When you are giving alms, let God alone see you. When you are fasting, keep a cheerful face. Let your dress be neither elegant nor slovenly, and let it not be noticeable by any strangeness that might attract the notice of passers-by and make people point their fingers at you. If a brother dies or the body of a beloved sister has to be carried to burial, take care that you do not attend such funerals too often, or you may die yourself.

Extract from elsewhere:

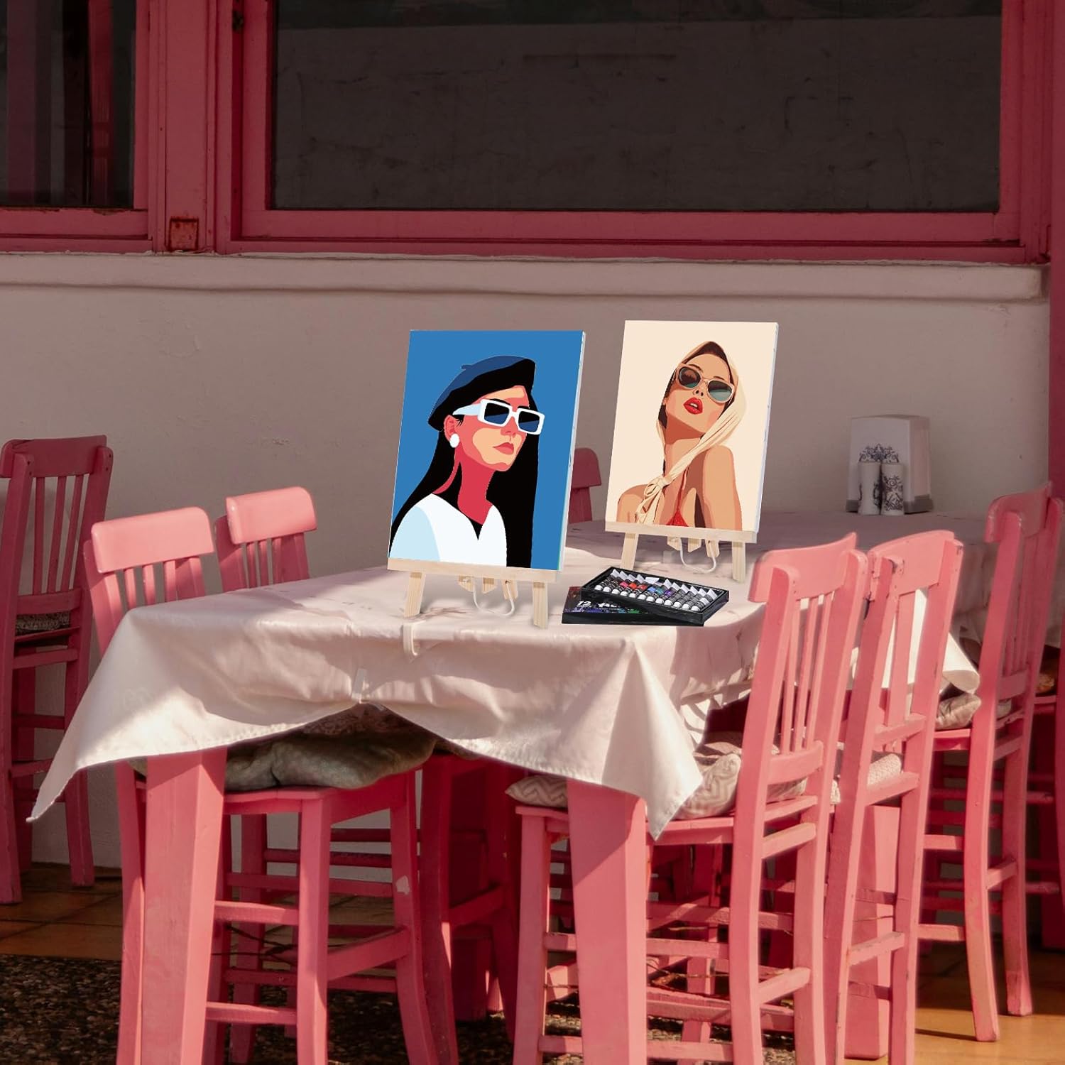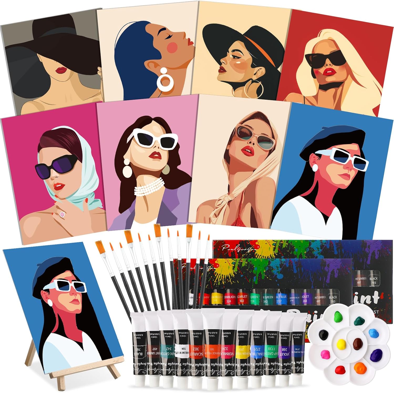 - Extensive Pre Printed Canvases Set: a total of 8 pre printed canvas, with 8 different well designed patterns; Comes with 12 reference color matching cards corresponding to the pattern; 2 packs of acrylic paint set, each pack contain 12 different colors; 2 pcs wooden easel holders; 8 packs of paintbrushes, 3 per pack, including 3 different pen and 8 pcs of white paint trays

Do not try to seem very devout nor more humble than is necessary. It is possible to seek glory by avoiding it. Many men who screen from view their poverty, charity, and fasting, reveal their desire for admiration by the very fact that they spurn it and, strangely enough, seek praise while avoiding it. From the other perturbations of the mind, from exultation, despondency, hope and fear I find many free; but desire for praise is a fault which few escape, and that man is best whose character, like a fair skin, is disfigured by the fewest blemishes.
Jerome, in a letter to Eustochium, dated AD 384. (Letter XXII, Section 27) Jerome (345-420) was one of the early church fathers, and is best known for having made the Latin Vulgate translation of the Bible. Does the last sentence of the first paragraph demonstrate that Jerome was superstitious?
From: Select Letters of St. Jerome, translated from the Latin and edited by F. A. Wright; the Loeb Classical Library (Cambridge: Harvard University Press, 1933), p. 115.